## Prompt
The answer consists only of the lines from the beginning of the listing below to the line holding "县委书记在县委常委会(扩大)会议上关于学习全会精神的发言.docx", inclusive, with every picture removed.

## Data below
BEGIN
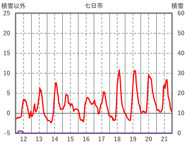 | 日 | 時 | 気温 | 降水 | 風向/風速 | 日照 | 積雪 | 降雪 |
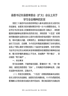 县委书记在县委常委会(扩大)会议上关于学习全会精神的发言.docx
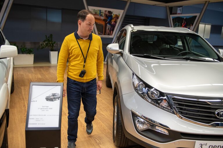 Az egyik számomra felejthetetlen momentum, ahogyan láttam, hogy a több mint 50 kilós műszerfalat – a súlyára pontosan emlékszem, hiszen még viccelődtem is vele, hogy az én súlyom nagyjából megegyezik egy Kia műszerfaláéval – egy pillanat alatt a helyére biggyeszti egy robot, és az autó mehet is tovább a következő állomásra. Természetesen itt is teljesen mindegy a sorrend, hogy éppen Ceed vagy Sportage érkezik-e, a robot pontosan tudja, mi a dolga. A másik, szintén rendkívül látványos dolog a szélvédők berakása volt. Ezt szintén robotok végezték, körberagasztották az üveget, és egy mozdulattal, putty, a helyükre is kerültek elöl-hátul. A kábelek és az ülések beszerelését emberek végzik, a hibrid típusok méretes, nehéz akkumulátorait robotok teszik a helyükre, majd emberi kéz véglegesíti a folyamatot.
END
## Answer for the task
 | 日 | 時 | 気温 | 降水 | 風向/風速 | 日照 | 積雪 | 降雪 |
 县委书记在县委常委会(扩大)会议上关于学习全会精神的发言.docx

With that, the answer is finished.